Less Certainty, More Curiousity
This is a reflection on interior life—on what unfolds beneath words, beneath certainty, and beneath what can be seen.
There is far more going on inside each of us than what our eyes can see when we look at someone.
We are taught—quietly and constantly—to assess what is visible. Tone of voice. Facial expression. Productivity. Behavior. Compliance. Confidence. We look at a person and, within seconds, make observations and judgments that feel solid and accurate. But what we are seeing is only the surface. Barely the surface.
Beneath what can be seen, named, or explained, there is an interior life that is vast, layered, and often wordless. A felt experience moving through the body that does not always translate into clean language or outward expression. And yet, it is there—shaping us, informing us, changing us.
We are not trained to trust this interior world.
We are trained to override it, to explain it away, to move past it quickly. To pull ourselves together. To keep going. To make sense—preferably out loud and preferably in ways that reassure others. We are encouraged to value clarity, articulation, and visible transformation, while quietly mistrusting what cannot yet be explained.
But not everything real is immediately speakable.
I’ve noticed this most clearly in moments when I want to express something that I feel deeply, but words arrive late—or not at all. In conversation with my wife. In friendships. Even alone with myself. There are times when I know something internally with great clarity, yet the moment I try to explain it, the language flattens it. The words feel inadequate, almost misleading. And when I push myself to speak anyway, misunderstanding often follows—not because the other person isn’t listening, but because the words were never the thing itself.
I’ve also noticed this in those liminal moments between sleeping and waking, when something feels completely clear—images, insights, understanding moving quickly and fluidly—only to disappear the moment I sit down to write. The words vanish, but the felt sense remains. The experience is still alive in me, even without its verbal counterpart.
For a long time, this frustrated me. It felt like a failure—of communication, of memory, of expression. But slowly, I’m beginning to see it differently.
The inability to fully articulate what is happening inside me does not diminish what is happening inside me.
Something can be real, active, and transformative without being visible or explainable. Interior movement does not require external evidence to justify its existence.
Part of my upbringing in the church taught me—very subtly—to mistrust this. I learned, in certain environments, that emotional experiences needed to be redirected, resolved, or translated quickly into approved meanings. Feelings were allowed, as long as they fit within an existing framework. Over time, I became skilled at setting aside what I felt in order to stay aligned, appropriate, understandable.
I don’t name this as blame. It is simply part of my lived path. A way I learned to survive and belong.

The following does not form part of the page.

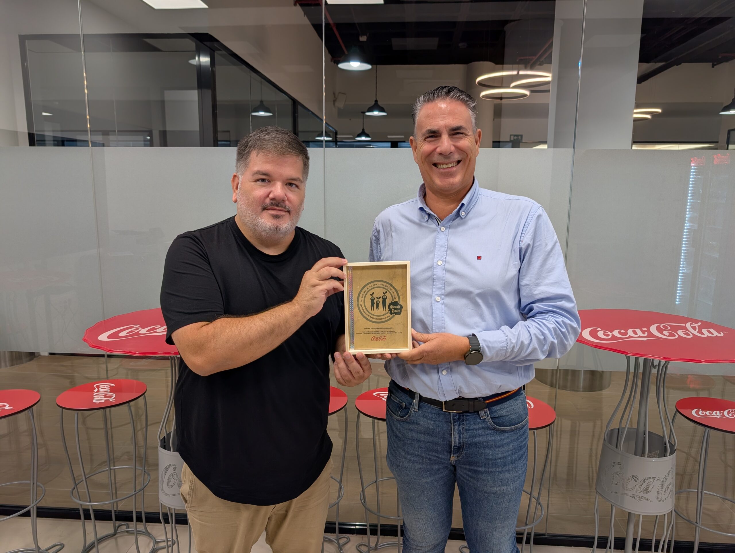 Daniel Aguilar, Director del Proyecto, ha entregado en las instalaciones de Coca-Cola Alicante el Certificado de Colaboración 2025, expresando que este tipo de alianzas juegan un papel crucial en la promoción de un futuro más sostenible y equitativo.

But now, as I pay closer attention to my inner life, I’m realizing how much vitality exists beneath the surface—how alive I feel when I allow my felt experience to be what it is, without rushing it into explanation. I’m learning that I don’t always need to narrate what is happening inside me. I don’t need to perform my interior life for it to be valid.
This has changed the way I look at others, too.
I wonder what might change if we trusted this more—not just in ourselves, but in one another. If we allowed for the possibility that what we see and hear is only a fraction of what is actually happening inside someone.
When we listen with our intuition as well as our ears, when we allow ourselves to feel what is being said—and what isn’t—our conversations may move in unexpected directions. Slower ones. Gentler ones. Ones shaped less by certainty and more by curiosity.
Even that small shift feels like an act of respect.
When I encounter someone —whether they seem calm or reactive, distant or confident—I hold the quiet knowing that there is far more happening inside them than I can see. That their behavior is only one expression of a much larger, unseen landscape. And that landscape deserves care, even when it remains inaccessible to me.
We alter our personalities and behaviors in response to our felt experiences all the time. Yet we rarely honor the experiences themselves. We look for outcomes, explanations, improvements. We miss the sacredness of what is unfolding internally, often without witnesses.
I am learning to trust that interior unfolding.
Whether or not I have words for it yet. Whether or not it looks like anything from the outside. Whether or not anyone else can see it.
My interior life is not incomplete because it cannot always be spoken. It is alive. And I am learning to trust what is unfinished.